Saved entries:

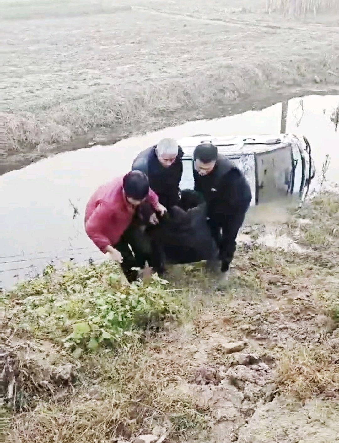 “我們村的村民朱金花滿臉焦急地沖向河邊,我心中一緊,想著肯定出事了,立即停車跑過去查看。”崔利營回憶說,走到河邊他看到,河溝中一輛電動三輪車側(cè)翻在水中,車身大半被河水浸泡,車內(nèi)一名老人被困動彈不得。岸邊兩位老人急得連聲呼喊,卻因年邁無力施救,現(xiàn)場情況十分危急。
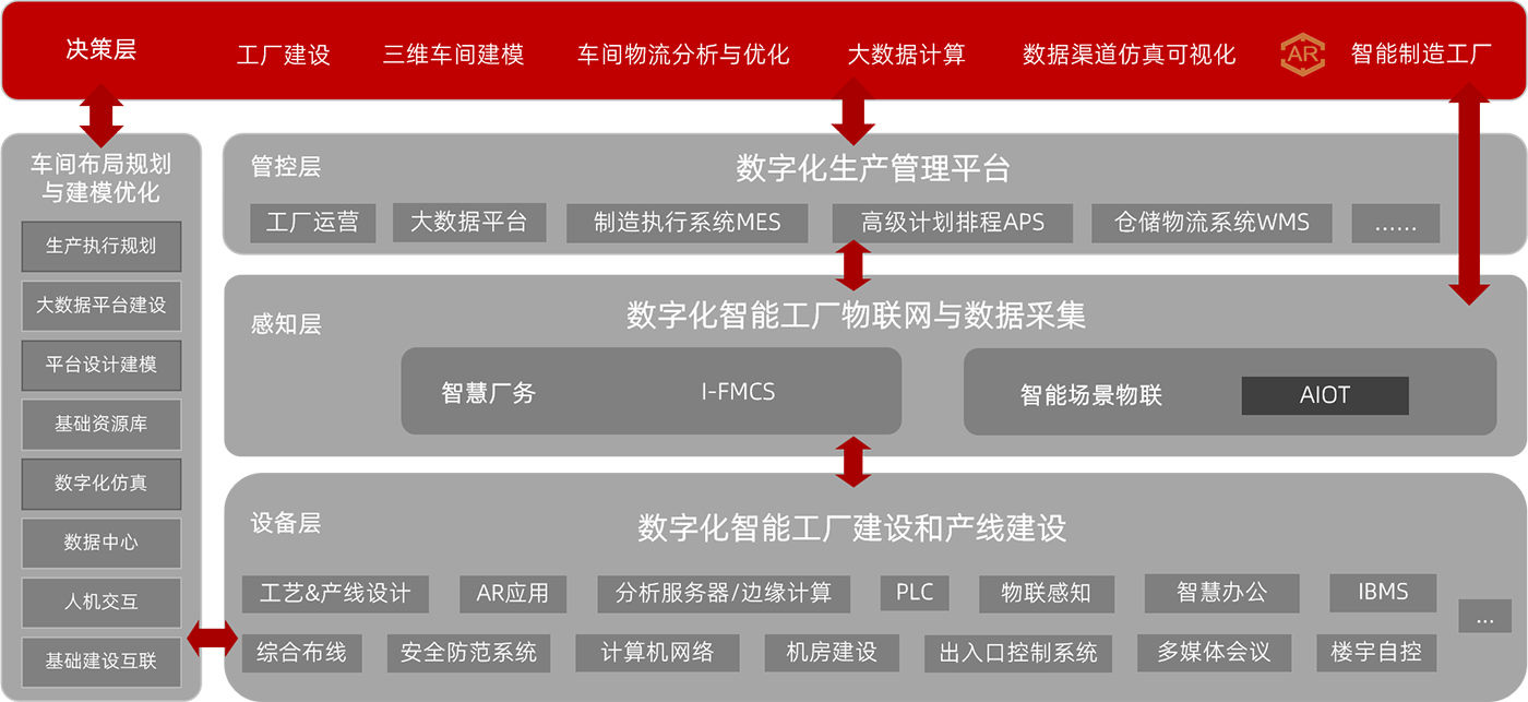 實(shí)現(xiàn)數(shù)據(jù)統(tǒng)一化,集成工業(yè)智能化管理系統(tǒng),打破數(shù)據(jù)孤島化現(xiàn)狀,實(shí)現(xiàn)了設(shè)備可視化,打造智能工廠管控一體化平臺(tái)和工業(yè)智能化管理平臺(tái)。有效提高工廠作業(yè)的綜合監(jiān)管能力、降低企業(yè)運(yùn)營(yíng)成本,實(shí)現(xiàn)生產(chǎn)自動(dòng)化、數(shù)據(jù)可視化、管理精細(xì)化、決策科學(xué)化和服務(wù)高效化,可廣泛應(yīng)用于生產(chǎn)決策、日常監(jiān)控、作業(yè)調(diào)度、數(shù)據(jù)分析、成果匯報(bào)等多種場(chǎng)景。通過數(shù)字化平臺(tái)將制造數(shù)據(jù)關(guān)聯(lián)起來(lái),將虛擬與現(xiàn)實(shí)高度一致的基礎(chǔ)上,進(jìn)行硬件接口開發(fā)和軟件功能開發(fā),建立虛擬與現(xiàn)實(shí)的數(shù)據(jù)通訊與互聯(lián),搭建虛實(shí)融合的數(shù)據(jù)采集、分析、優(yōu)化平臺(tái),實(shí)現(xiàn)基于大數(shù)據(jù)、物聯(lián)網(wǎng)的工藝優(yōu)化和智能生產(chǎn)指導(dǎo)。
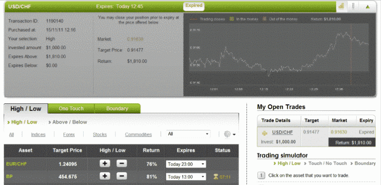 With optionFair™ binary options trading platform, I traded $1,000 on the “High” instrument. This kind of option has a return of 81% if the option expires above the strike price, which means that if the signal is correct, I could get a return of $810 on my investment. The price of the USD/CHF at the buying time (12:16) was 0.91477 for the expiration of 12:45.The option expiration price was 0.91630, above the strike price, so I won $810.
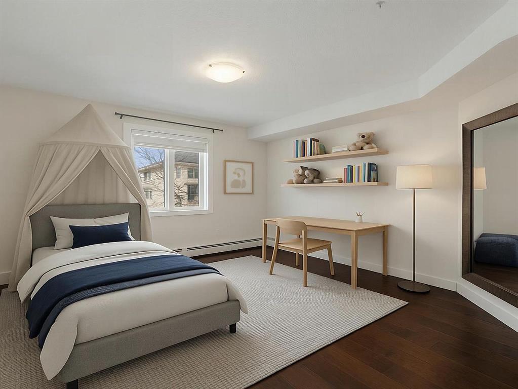 The primary bedroom offers a walk-in closet and full ensuite, while the second bedroom is generously sized ideal for guests, roommates, or a home office setup.
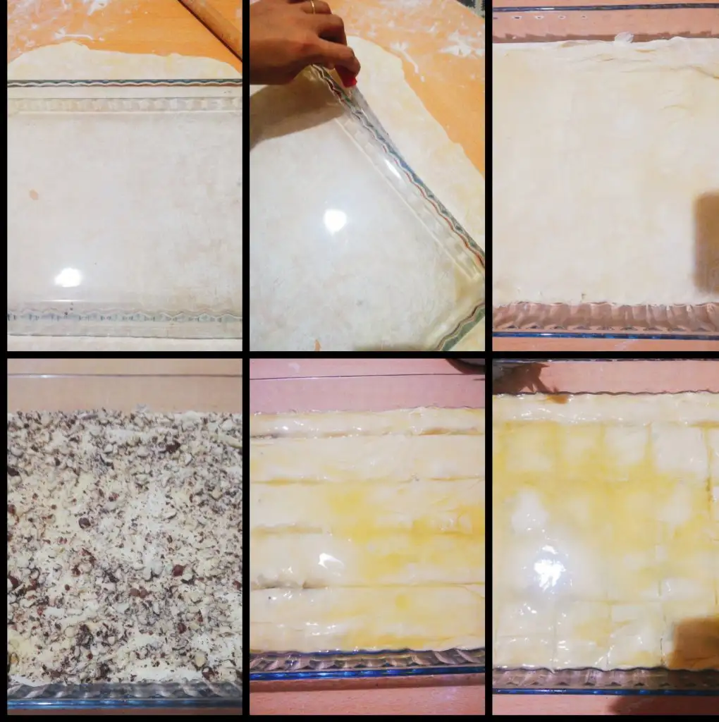 Üç kat hamurumuzu koyduktan sonra fındık içimizi serpip aynı şekilde devam ediyoruz.
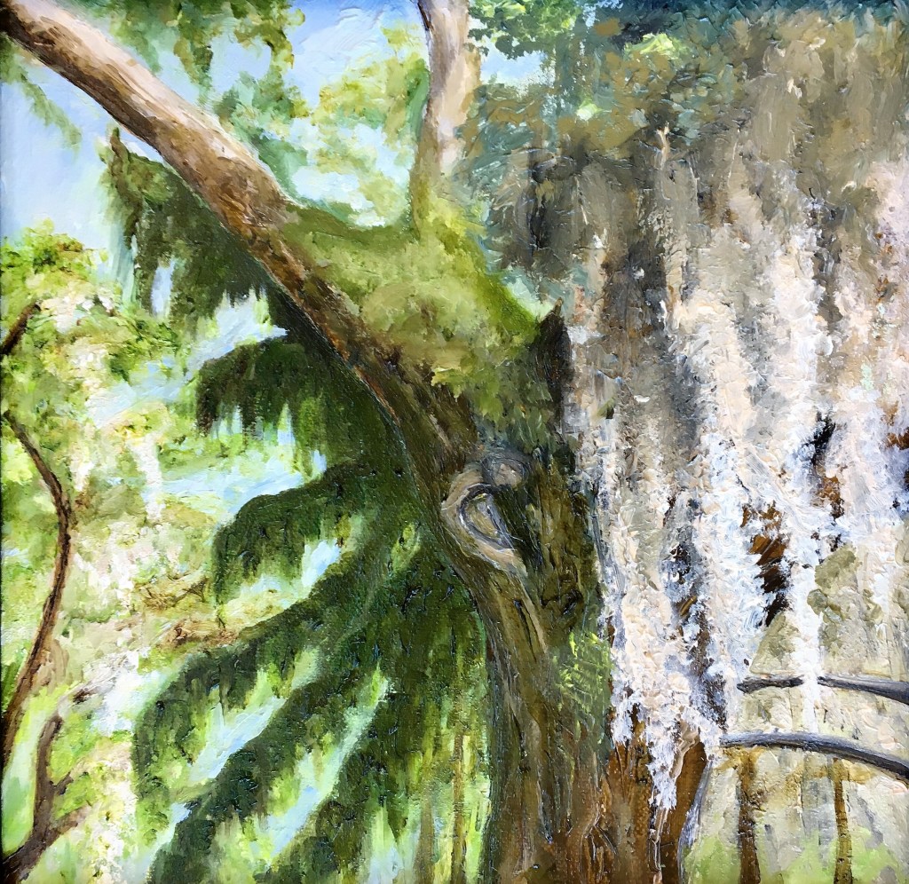 I was able to visit the Bonaventure Cemetery in Savannah, GA a few years ago. I was enraptured by the live oaks there with the moss covering the branches. I particularly loved the lighting effect on the moss here.
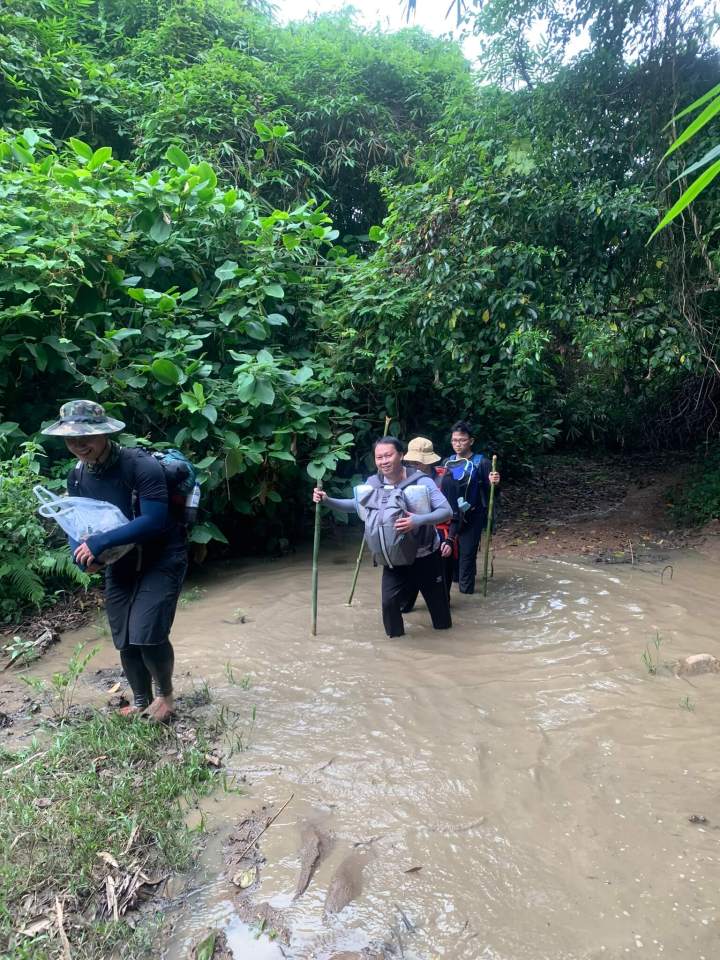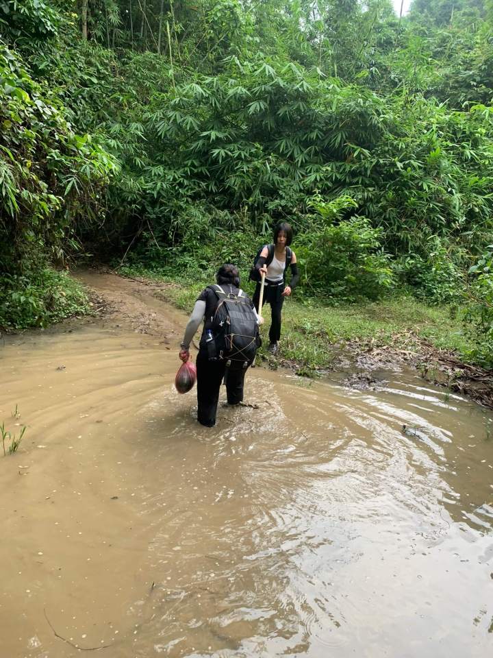 Từ bờ sông nhóm đi qua rẫy cao su, rẫy điều, rồi đường bắt đầu trở nên khá lầy lội. Lúc đầu đi qua suối mình bỏ giày ra để không bị ướt, nhưng với mực độ nhiều như vậy kệ luôn, lội bì bõm rồi qua suối nó tự rửa sạch đi tiếp. Có đoạn chú Tân chỉ bước nhầm một nhịp, cả nửa cái chân biến mất dưới lớp bùn. Đoạn này vắt cũng đã bắt đầu ra mặt, nên máu cũng đã rơi một ít cung cấp cho sự sống của tụi nó.
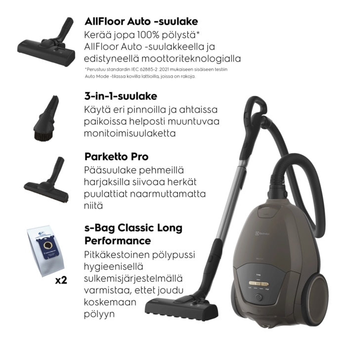*Perustuu standardin IEC 62885-2 .2021 mukaiseen sisäiseen testiin Auto Mode -tilassa kovilla, raollisilla lattioilla.
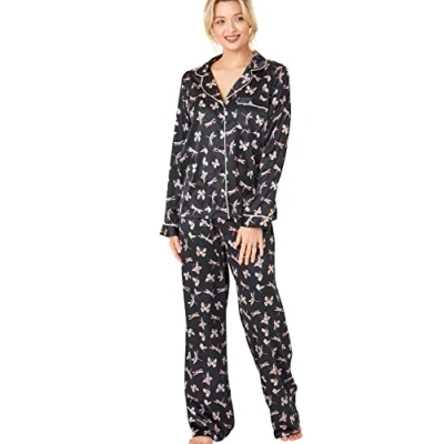 Indigo Sky Womens Astara Full Length Satin Pyjama With Contrast Piping, Dragonfly Print, 18 20
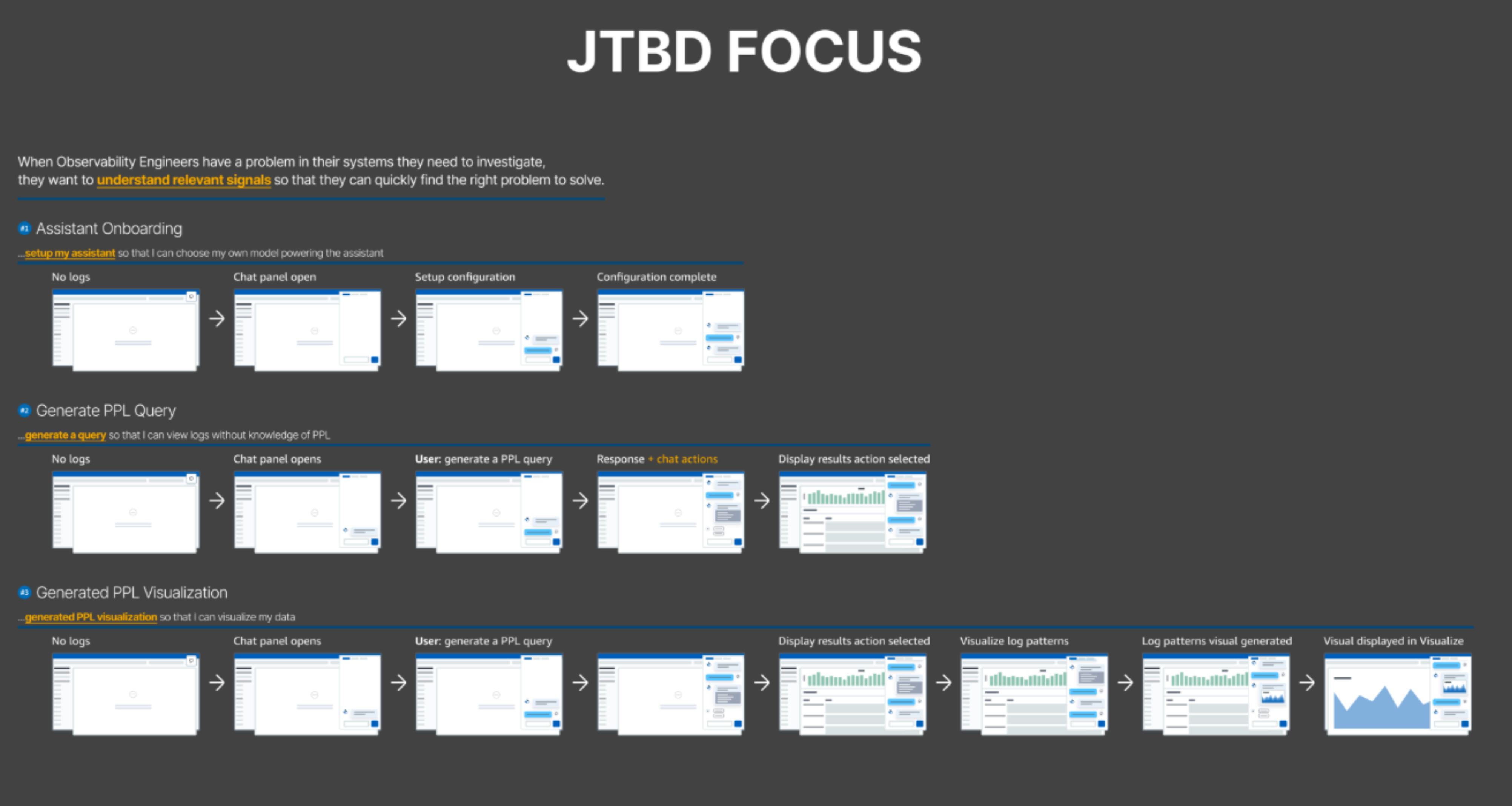 When AWS announced its 2024 AI integration initiative, the OpenSearch Observability team faced a foundational challenge: reimagining DevOps workflows through the lens of generative AI. Building on a year of experience designing AI-driven search comparison tools, I spearheaded the discovery phase—mapping the intersection of machine learning capabilities and practitioner needs through strategic JTBD frameworks.
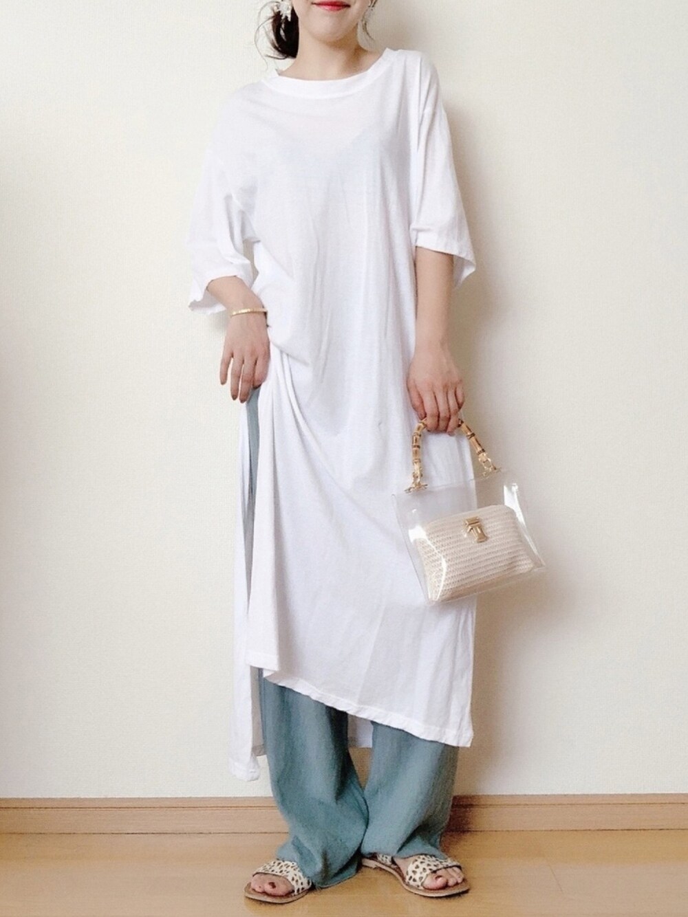 見てくださりありがとうございます☺︎♡ ゆるっと楽ちんスタイルです🌼 髪型はスッキリアップにして 大ぶりのピアスを付けるのがお気に入り❣️

WHAT THE EXERCISE ASKS: The data above should be returned in full, exactly as written, apart from its images.

ANSWER BOX:
 “我們村的村民朱金花滿臉焦急地沖向河邊,我心中一緊,想著肯定出事了,立即停車跑過去查看。”崔利營回憶說,走到河邊他看到,河溝中一輛電動三輪車側(cè)翻在水中,車身大半被河水浸泡,車內(nèi)一名老人被困動彈不得。岸邊兩位老人急得連聲呼喊,卻因年邁無力施救,現(xiàn)場情況十分危急。
 實(shí)現(xiàn)數(shù)據(jù)統(tǒng)一化,集成工業(yè)智能化管理系統(tǒng),打破數(shù)據(jù)孤島化現(xiàn)狀,實(shí)現(xiàn)了設(shè)備可視化,打造智能工廠管控一體化平臺(tái)和工業(yè)智能化管理平臺(tái)。有效提高工廠作業(yè)的綜合監(jiān)管能力、降低企業(yè)運(yùn)營(yíng)成本,實(shí)現(xiàn)生產(chǎn)自動(dòng)化、數(shù)據(jù)可視化、管理精細(xì)化、決策科學(xué)化和服務(wù)高效化,可廣泛應(yīng)用于生產(chǎn)決策、日常監(jiān)控、作業(yè)調(diào)度、數(shù)據(jù)分析、成果匯報(bào)等多種場(chǎng)景。通過數(shù)字化平臺(tái)將制造數(shù)據(jù)關(guān)聯(lián)起來(lái),將虛擬與現(xiàn)實(shí)高度一致的基礎(chǔ)上,進(jìn)行硬件接口開發(fā)和軟件功能開發(fā),建立虛擬與現(xiàn)實(shí)的數(shù)據(jù)通訊與互聯(lián),搭建虛實(shí)融合的數(shù)據(jù)采集、分析、優(yōu)化平臺(tái),實(shí)現(xiàn)基于大數(shù)據(jù)、物聯(lián)網(wǎng)的工藝優(yōu)化和智能生產(chǎn)指導(dǎo)。
 With optionFair™ binary options trading platform, I traded $1,000 on the “High” instrument. This kind of option has a return of 81% if the option expires above the strike price, which means that if the signal is correct, I could get a return of $810 on my investment. The price of the USD/CHF at the buying time (12:16) was 0.91477 for the expiration of 12:45.The option expiration price was 0.91630, above the strike price, so I won $810.
 The primary bedroom offers a walk-in closet and full ensuite, while the second bedroom is generously sized ideal for guests, roommates, or a home office setup.
 Üç kat hamurumuzu koyduktan sonra fındık içimizi serpip aynı şekilde devam ediyoruz.
 I was able to visit the Bonaventure Cemetery in Savannah, GA a few years ago. I was enraptured by the live oaks there with the moss covering the branches. I particularly loved the lighting effect on the moss here.
 Từ bờ sông nhóm đi qua rẫy cao su, rẫy điều, rồi đường bắt đầu trở nên khá lầy lội. Lúc đầu đi qua suối mình bỏ giày ra để không bị ướt, nhưng với mực độ nhiều như vậy kệ luôn, lội bì bõm rồi qua suối nó tự rửa sạch đi tiếp. Có đoạn chú Tân chỉ bước nhầm một nhịp, cả nửa cái chân biến mất dưới lớp bùn. Đoạn này vắt cũng đã bắt đầu ra mặt, nên máu cũng đã rơi một ít cung cấp cho sự sống của tụi nó.
*Perustuu standardin IEC 62885-2 .2021 mukaiseen sisäiseen testiin Auto Mode -tilassa kovilla, raollisilla lattioilla.
 Indigo Sky Womens Astara Full Length Satin Pyjama With Contrast Piping, Dragonfly Print, 18 20
 When AWS announced its 2024 AI integration initiative, the OpenSearch Observability team faced a foundational challenge: reimagining DevOps workflows through the lens of generative AI. Building on a year of experience designing AI-driven search comparison tools, I spearheaded the discovery phase—mapping the intersection of machine learning capabilities and practitioner needs through strategic JTBD frameworks.
 見てくださりありがとうございます☺︎♡ ゆるっと楽ちんスタイルです🌼 髪型はスッキリアップにして 大ぶりのピアスを付けるのがお気に入り❣️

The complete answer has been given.